TRY IT: Exactly as they appear below, repeat the lines from the one with "Mẫu miệng thổi" through the one with "Karangan Bahagian A". Drop every picture.

SUPPLIED INFORMATION:
..........
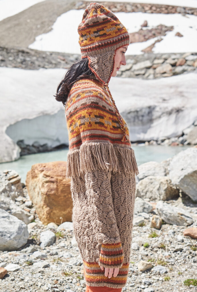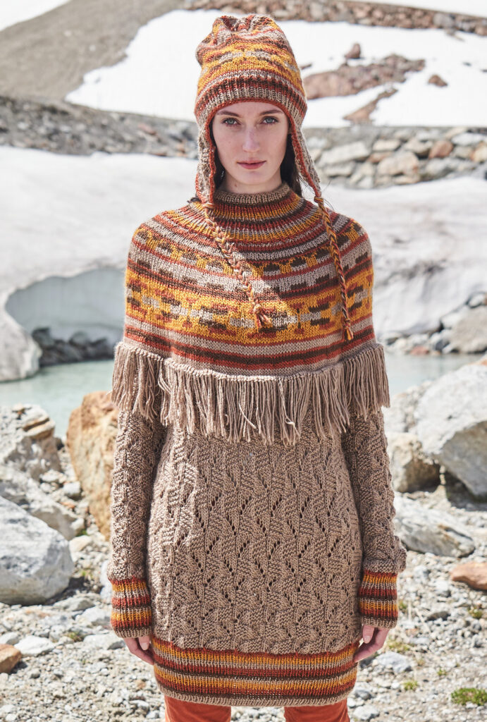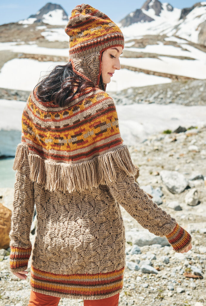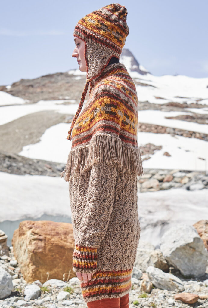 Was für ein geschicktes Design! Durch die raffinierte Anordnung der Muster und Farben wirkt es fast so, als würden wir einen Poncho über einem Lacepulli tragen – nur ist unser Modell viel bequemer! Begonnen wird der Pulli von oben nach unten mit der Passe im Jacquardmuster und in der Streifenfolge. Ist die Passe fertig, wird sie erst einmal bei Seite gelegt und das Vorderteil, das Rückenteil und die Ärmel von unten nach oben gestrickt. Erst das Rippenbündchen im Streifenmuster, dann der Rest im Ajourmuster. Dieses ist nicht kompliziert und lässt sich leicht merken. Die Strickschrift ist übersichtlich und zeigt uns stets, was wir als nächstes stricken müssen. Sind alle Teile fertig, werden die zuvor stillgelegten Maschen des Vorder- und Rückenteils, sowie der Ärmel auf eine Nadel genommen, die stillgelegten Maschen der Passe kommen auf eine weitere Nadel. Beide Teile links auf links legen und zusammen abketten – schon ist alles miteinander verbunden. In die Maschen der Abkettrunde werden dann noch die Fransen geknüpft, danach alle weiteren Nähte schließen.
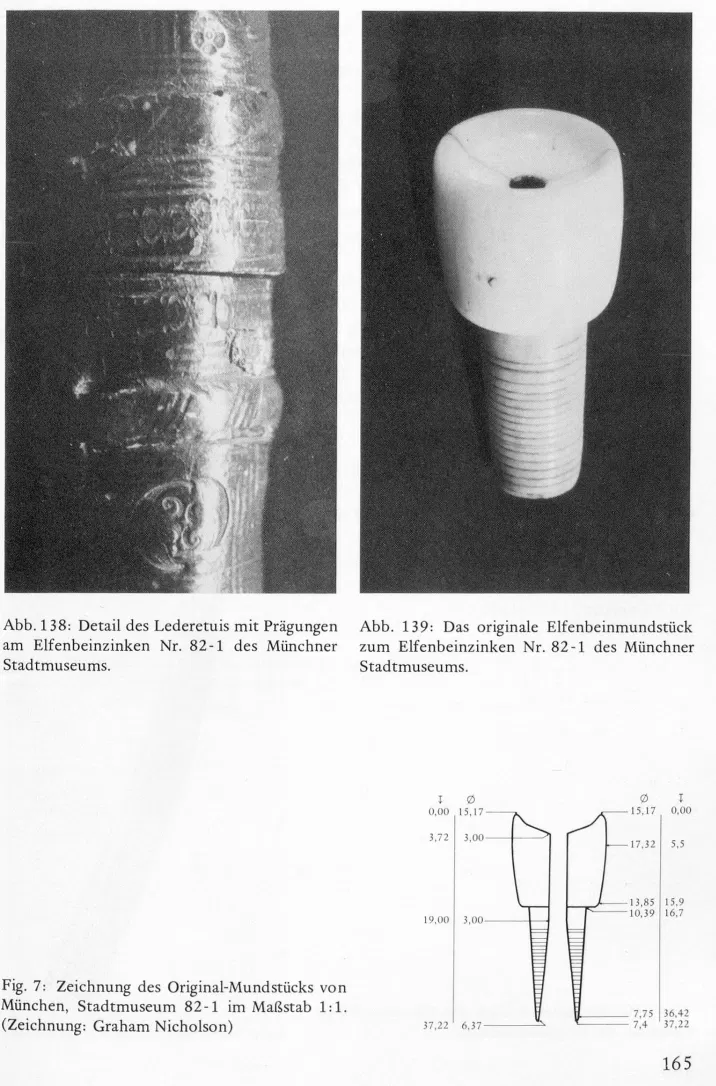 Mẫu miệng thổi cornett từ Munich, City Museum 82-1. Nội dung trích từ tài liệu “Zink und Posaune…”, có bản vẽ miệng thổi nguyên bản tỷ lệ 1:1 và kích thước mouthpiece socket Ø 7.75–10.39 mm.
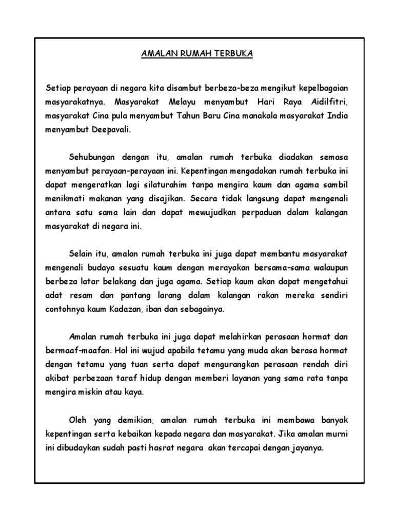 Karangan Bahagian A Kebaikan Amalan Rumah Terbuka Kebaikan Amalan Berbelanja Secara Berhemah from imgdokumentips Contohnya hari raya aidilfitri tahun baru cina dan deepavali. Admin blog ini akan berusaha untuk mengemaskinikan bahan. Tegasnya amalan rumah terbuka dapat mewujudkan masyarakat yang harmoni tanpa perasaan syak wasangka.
..........
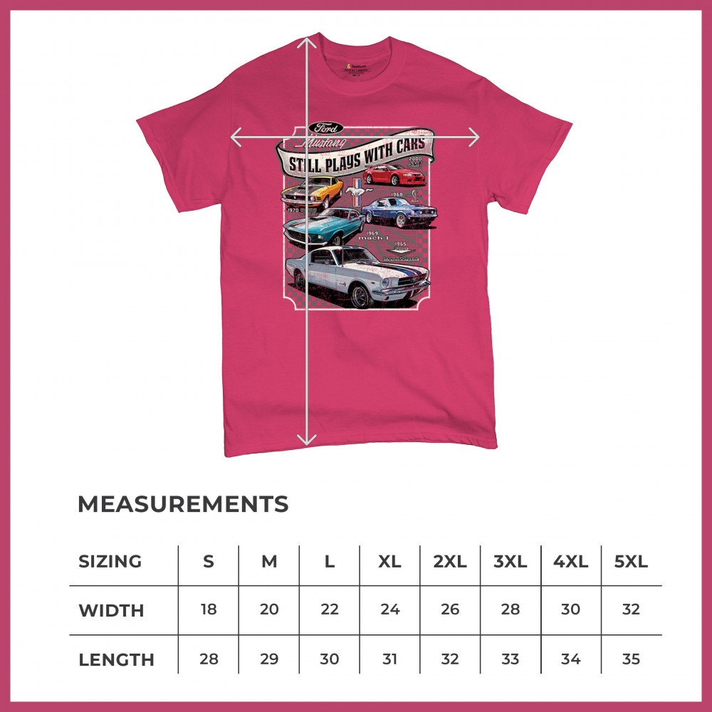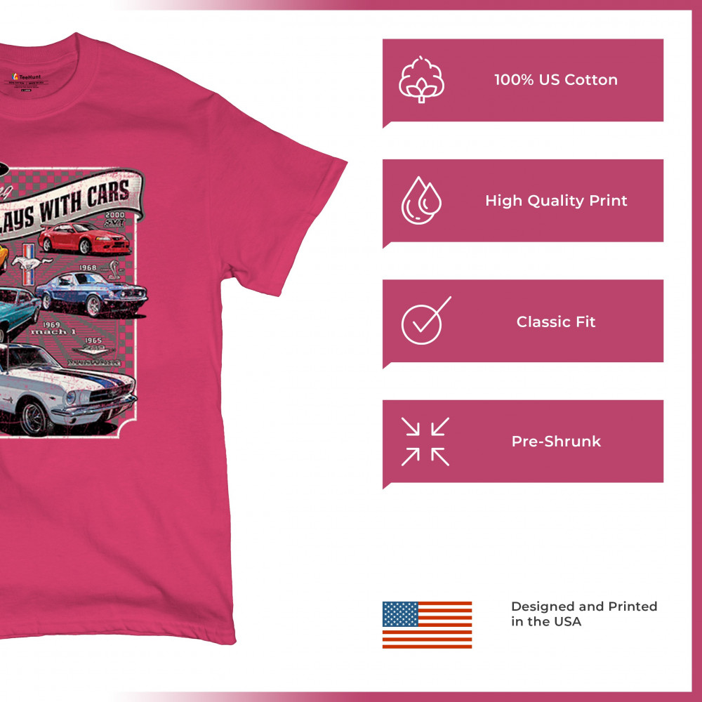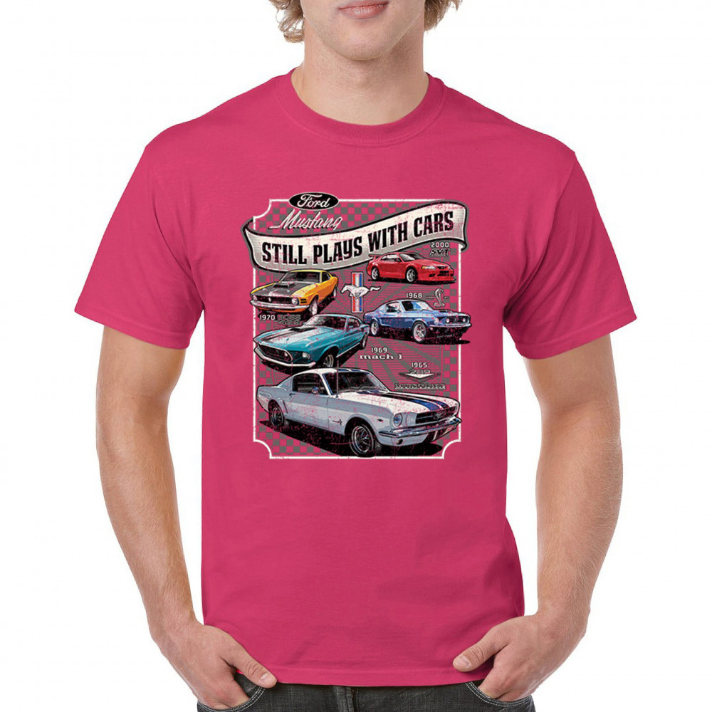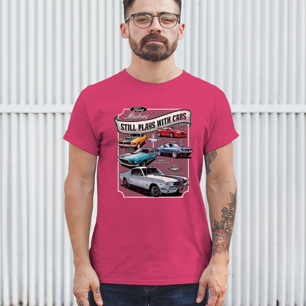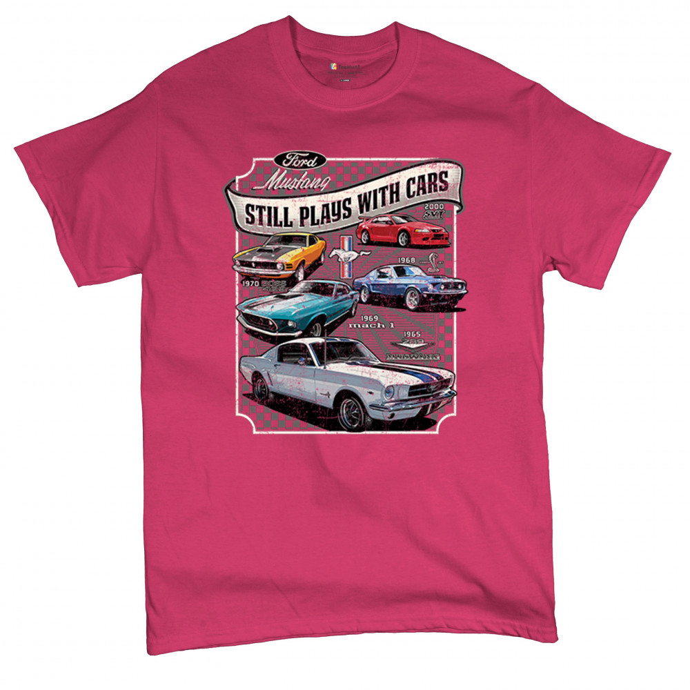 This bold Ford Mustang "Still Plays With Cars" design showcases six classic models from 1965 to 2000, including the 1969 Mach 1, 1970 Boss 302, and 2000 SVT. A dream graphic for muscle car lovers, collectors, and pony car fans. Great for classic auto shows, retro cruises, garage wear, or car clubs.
..........
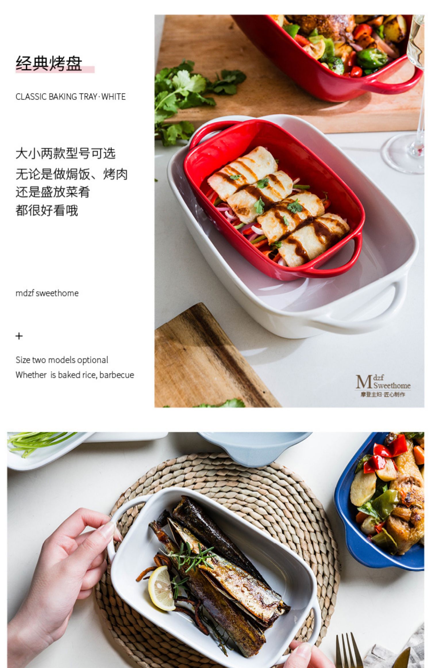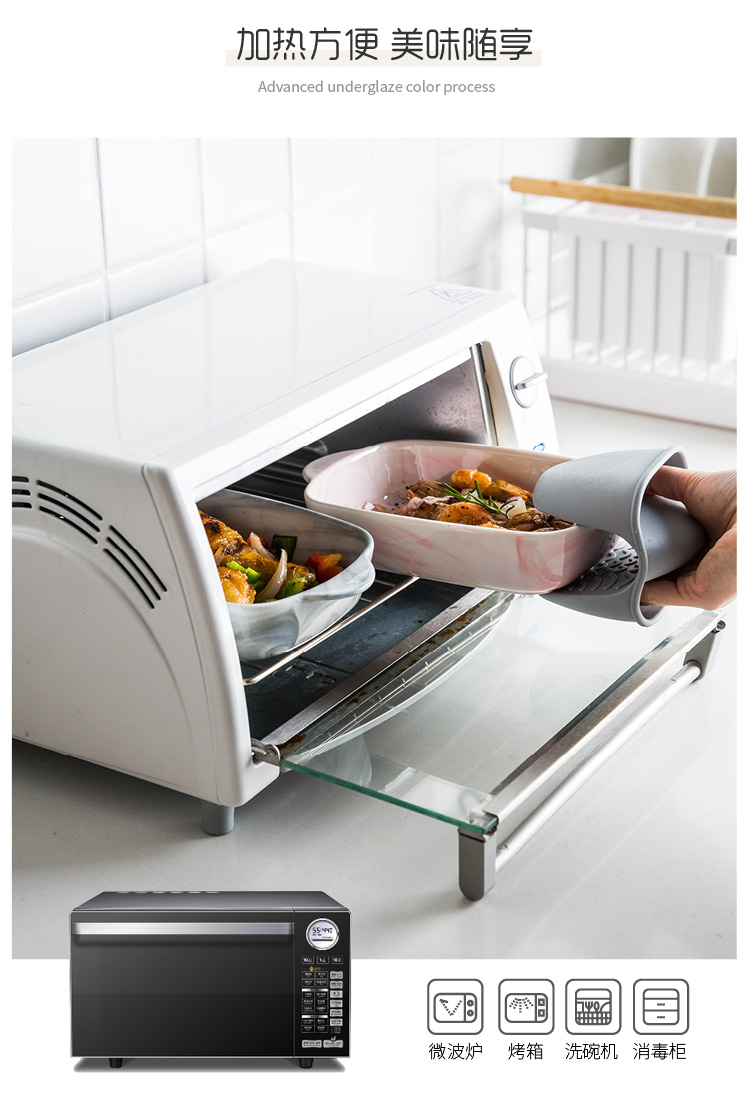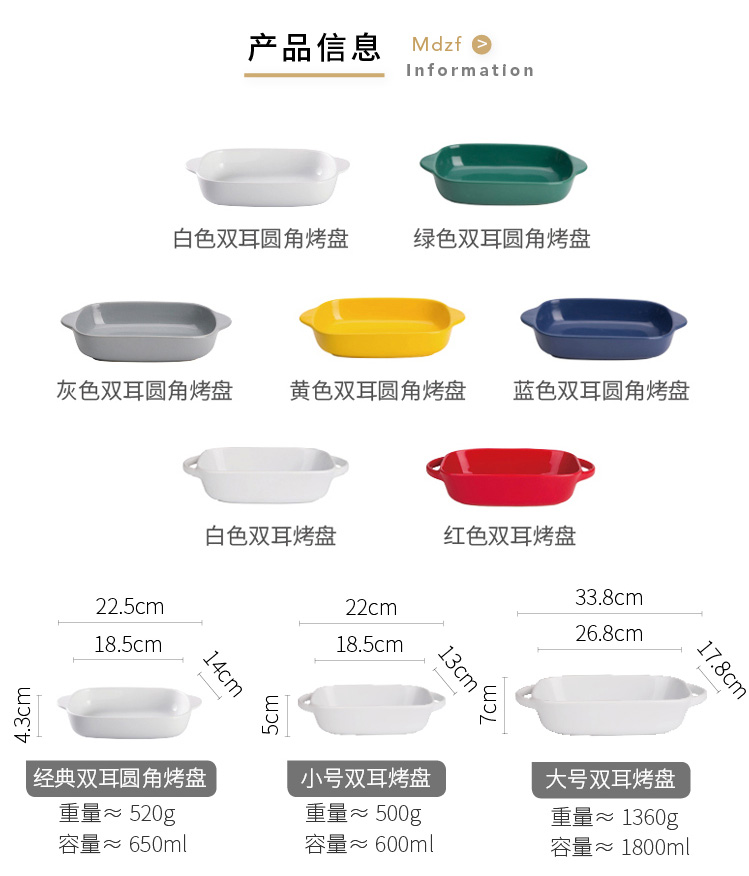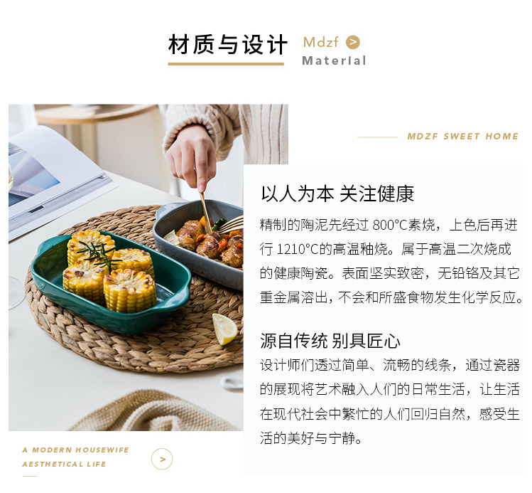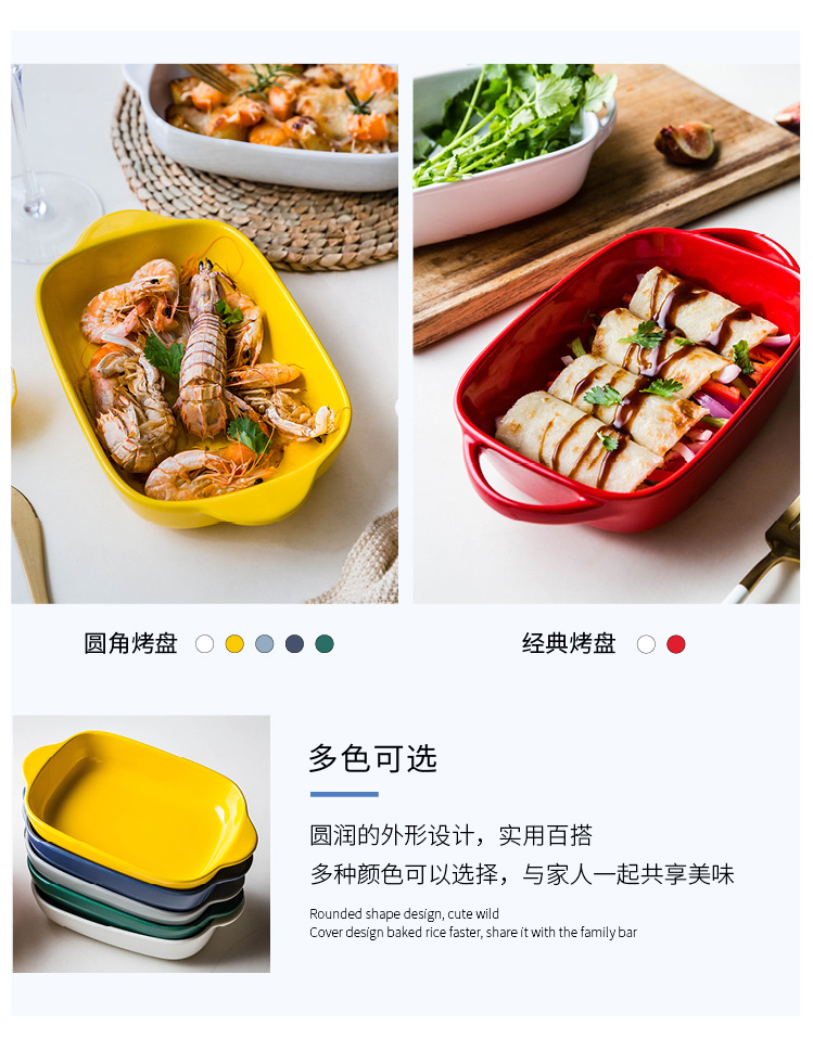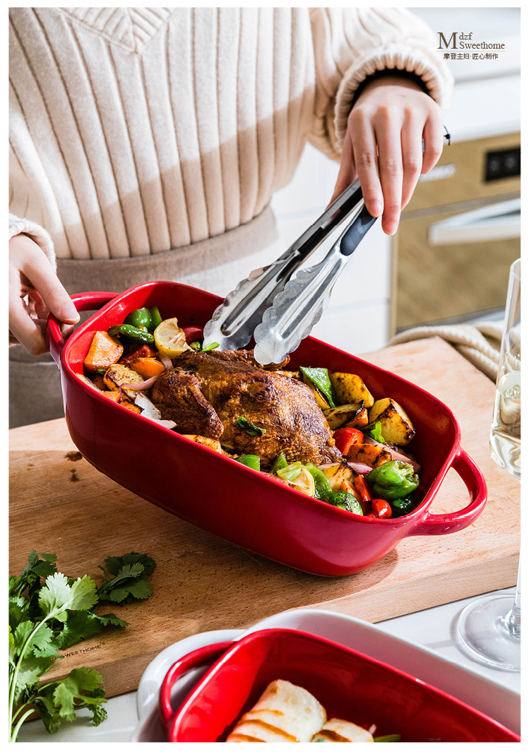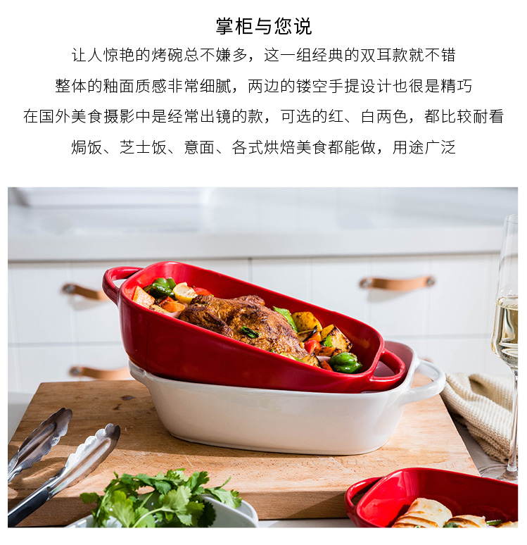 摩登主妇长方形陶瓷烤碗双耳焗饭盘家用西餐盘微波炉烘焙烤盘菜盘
..........
ANSWER TO THE PROBLEM:
 Mẫu miệng thổi cornett từ Munich, City Museum 82-1. Nội dung trích từ tài liệu “Zink und Posaune…”, có bản vẽ miệng thổi nguyên bản tỷ lệ 1:1 và kích thước mouthpiece socket Ø 7.75–10.39 mm.
 Karangan Bahagian A Kebaikan Amalan Rumah Terbuka Kebaikan Amalan Berbelanja Secara Berhemah from imgdokumentips Contohnya hari raya aidilfitri tahun baru cina dan deepavali. Admin blog ini akan berusaha untuk mengemaskinikan bahan. Tegasnya amalan rumah terbuka dapat mewujudkan masyarakat yang harmoni tanpa perasaan syak wasangka.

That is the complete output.